Moles & Molar solutions.

[Gareth56]

If you want to make up for example a 1Molar HCl solution do you have to take into account the specific gravity of the conc. HCl that you're using? From memory I used to measure out 36.5mls of conc HCL and make that up to 1000ml in a volumetric flask. Is there a formula that you can use to tell you the amount of substance you need to make up a given molarity of solution?

 

It's straight forward if you're using solids because the formula if I recall is:-

 

No. of Moles required = weight in grams/molecular weight

 

e.g. a 0.5M solution of NaOH would be 20grams of NaOH made up to a 1000mls. I think:-)

 

Thanks

G56

[John Cuthber]

It's a bit more complicated than that.

If you took 36.5 ml of conc HCl it would weigh about 43 grams because the density is about 1.18 g/ml.

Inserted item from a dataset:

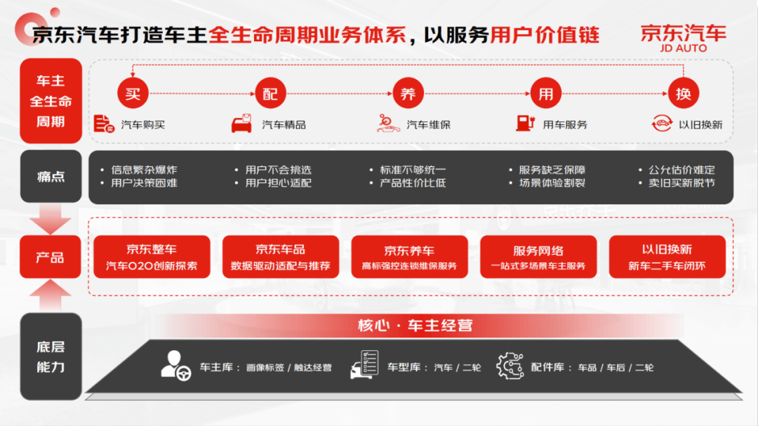 連接層,線上的超6億優質用户,超2億車主,線下的超2200家京東養車門店、超4.6萬合作門店的服務網絡,讓京東有了線上線下聯動的全域生態。

Of that about 35% is actually HCl, the rest is water, so you would have 15g of HCl. That's only about 0.41 moles, so if you made it up to 1 litre you would have about 0.4M HCl.

[CharonY]

Also the density is dependent on the concentration of HCl 1.18 g/ml is at around 37%, around 32% it drops to roughly 1.15 g/ml

[Gareth56]

Thanks. Presumably the above applies to most or all the conc. acids like

H2SO4 and HNO3 and bases like NH3?

 

Also is there a difference between vol/vol & wt/vol solutions ?

 

I ask because do you have to take the SG into account if your making up a solution in vol/vol or only if you're using the wt/vol method?